A new ballot collection box has been installed outside of Madison Fire Department Station #4, on Monroe Street, on Friday, October 16, 2020. The City of Madison Clerk’s Office is installing 14 secure ballot drop boxes outside of fire stations and at the Elver Park shelter.

A Dane County judge on Tuesday expressed reservations about a lawsuit a conservative group filed over Madison’s use of private funds to purchase absentee ballot drop boxes, saying it amounted to a fishing expedition.

Dane County Judge Stephen Ehlke also likened the lawsuit filed by the Thomas More Society Attorney to a “game of whack-a-mole” because attorney Erick Kaardal continuously brings up new arguments that weren’t part of the original complaint.

Ehlke also said he would decide if Kaardal is allowed to move forward with the lawsuit and include his new arguments by mid-June at the latest.

“It seems like this stuff keeps coming at me from the plaintiff’s side,” he said. “And it’s sort of a bit like whack-a-mole.

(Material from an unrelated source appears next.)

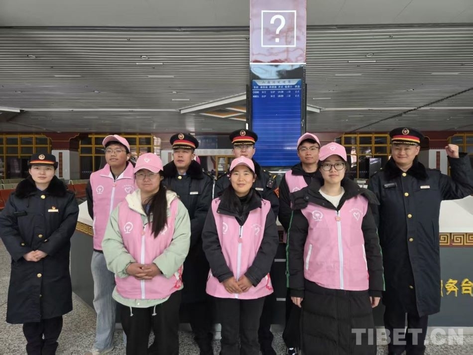 图为拉萨车站工作人员和志愿者护航旅客平安春运
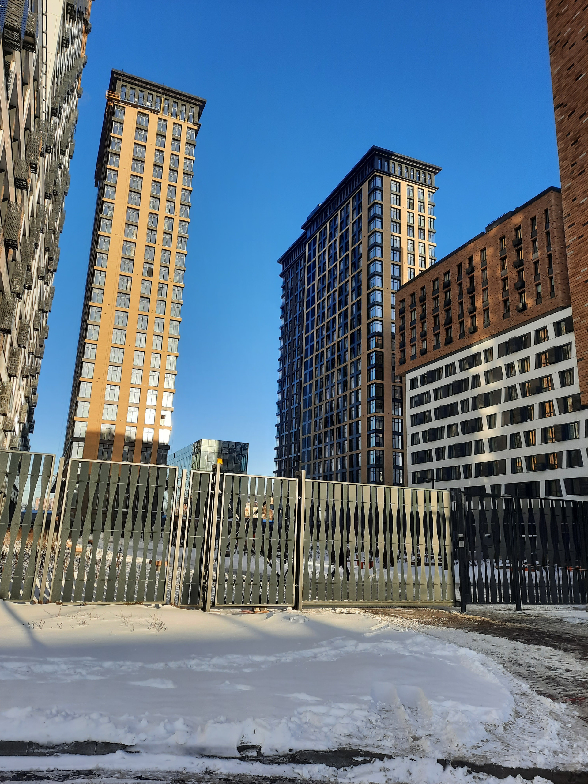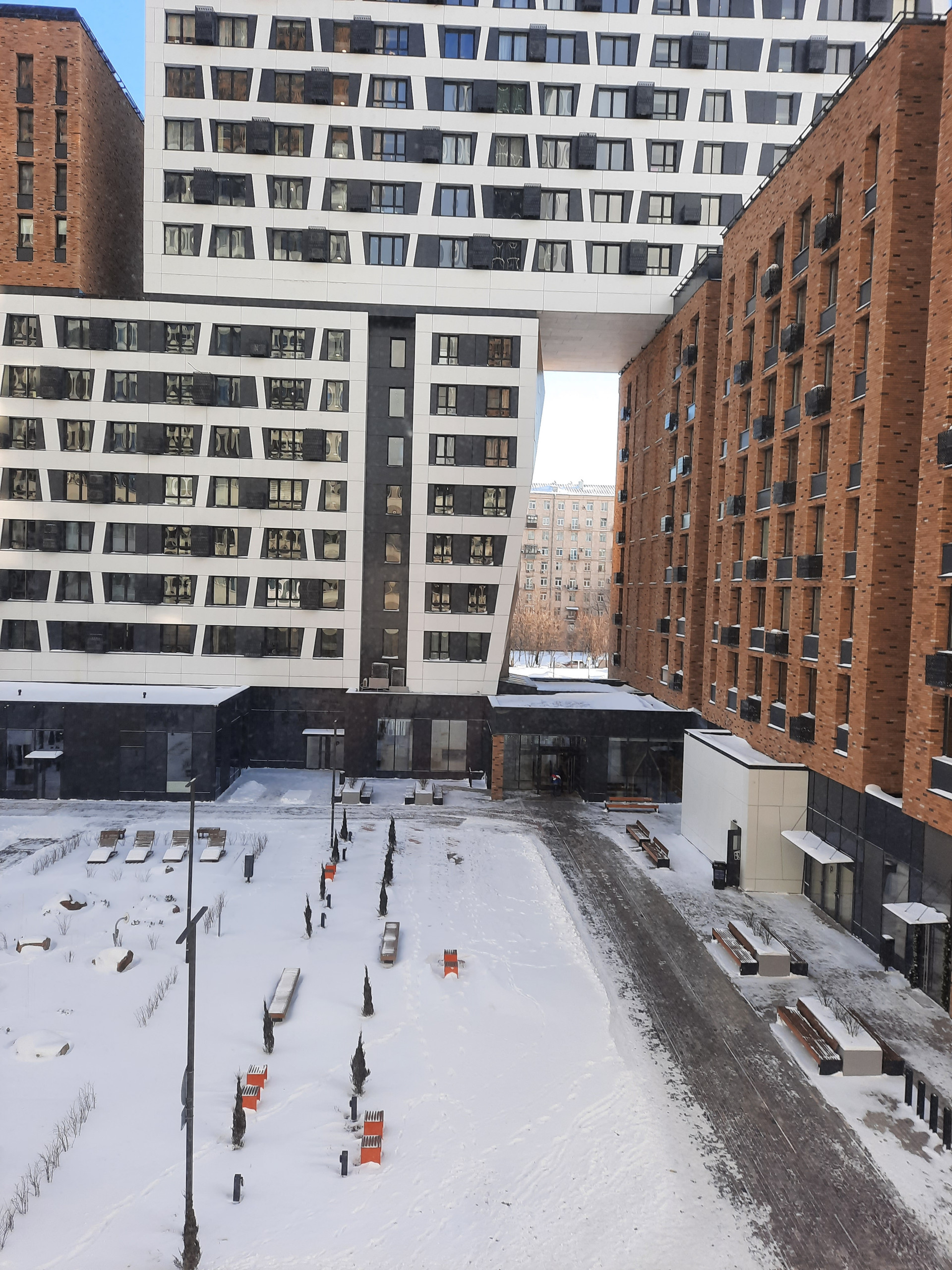 Территория комплекса огорожена, ведётся круглосуточное видеонаблюдение, двор без машин. Проход на территорию осуществляется по смарт-карте. Имеется подземный паркинг с подъемом на этаж. Во дворе есть детская и спортивная площадки. В центральном лобби расположена игровая комната, оборудованы колясочные и лапомойки.

It’s just like every time something comes down that ‘oh no, what about this one?'”

Kaardal argued Ehlke should rule the Madison election workers engaged in election bribery when they accepted $50,000 from nonprofit Center for Tech and Civic Life to pay for absentee ballot drop boxes. Kaardal said election officials used that money to fund drop boxes to lead more voters to the polls, which he said was illegal.

“The Center for Tech and Civic Life gave $50,000 to Madison to pay for the absentee ballot drop boxes,” he said. “So $50,000 of private money went to pay for legally unauthorized absentee ballot drop boxes, according to Waukesha Circuit Court.”

Ehlke interrupted to point out Waukesha Judge Michael Bohren’s ruling that drop boxes are not authorized under state law came after the 2020 presidential election, when Madison implemented its drop boxes. He added it’s not possible to find illegal something that was only ruled illegal after the fact.

“But the problem there is that at the time the election occurred, there was guidance that said that the drop boxes were permitted,” he said. “And so why would there be probable cause to investigate a possible crime when the WEC is itself saying that their guidance is that [drop boxes] are okay?”

Ehlke added the Wisconsin Supreme Court is set to decide whether drop boxes are legal later this year.

Kaardal finished by saying he understands the court’s position that Madison used drop boxes relying in good faith on the WEC guidance permitting their use.

“But my client’s concern is they not be used in the next election, and I guess we’ll wait until the decision on June 30th,” he said.